TWO STATEMENTS kept recurring throughout the day, and
together they neatly delineated the industry’s predicament. One was that the
old model is broken and there’s no going back, no matter how loud the
lamentation for a past when newspapers were sustained with “rivers of gold”
from advertising.
The other is that there’s no silver bullet – no clear
formula that will ensure the news media’s survival in the digital era.
A third, quietly persistent theme was that there’s much more
at stake than company profits and journalists’ jobs. At the heart of the debate
over the future of the news media is the recognition that good journalism is
vital to an informed society, which in turn is a fundamental pre-requisite for effective
participatory democracy.
Some commentators shrug their shoulders and argue that the
decline of the print media is just another example of creative destruction –
the constant cycle by which old ways of doing things are overtaken by
innovation and new technologies. Just as the cassette tape and the typewriter
have been rendered obsolete, so newspapers have also reached the end of their
natural lifespan – or so the argument goes.

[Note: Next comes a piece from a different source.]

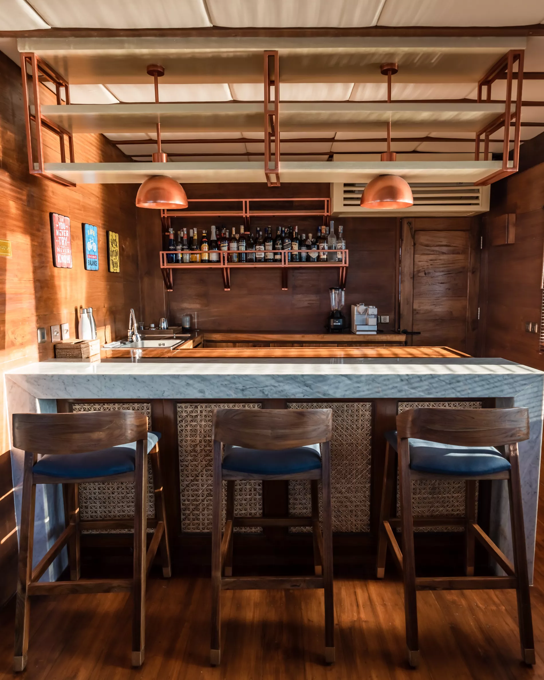 Full-service bar featuring artisanal stone and copper finishes.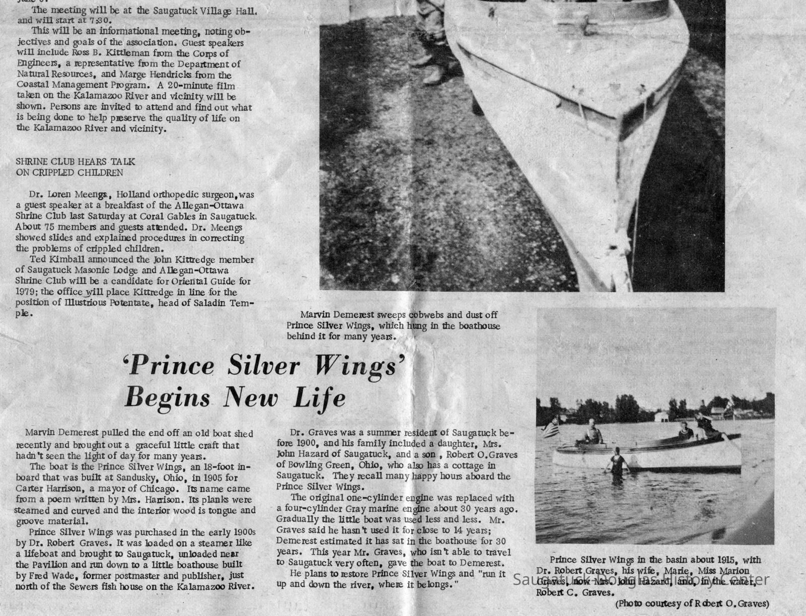 3 -- "Bow of old inboard engine boat which once belonged to mayor of Chicago. Stored in Marv. Demerest's garage - 263 Randolph, Douglas"

Even some journalists find this process exhilarating.
Something better will emerge from it all, the optimists insist. But in the
meantime, something of inestimable value may have been lost. As Joni Mitchell
famously sang in Big Yellow Taxi, you
don’t know what you’ve got till it’s gone.
FOOTNOTE: As foreshadowed in this article, Fairfax's Nelson Mail announced last month that it would no longer publish on Tuesdays and Thursdays.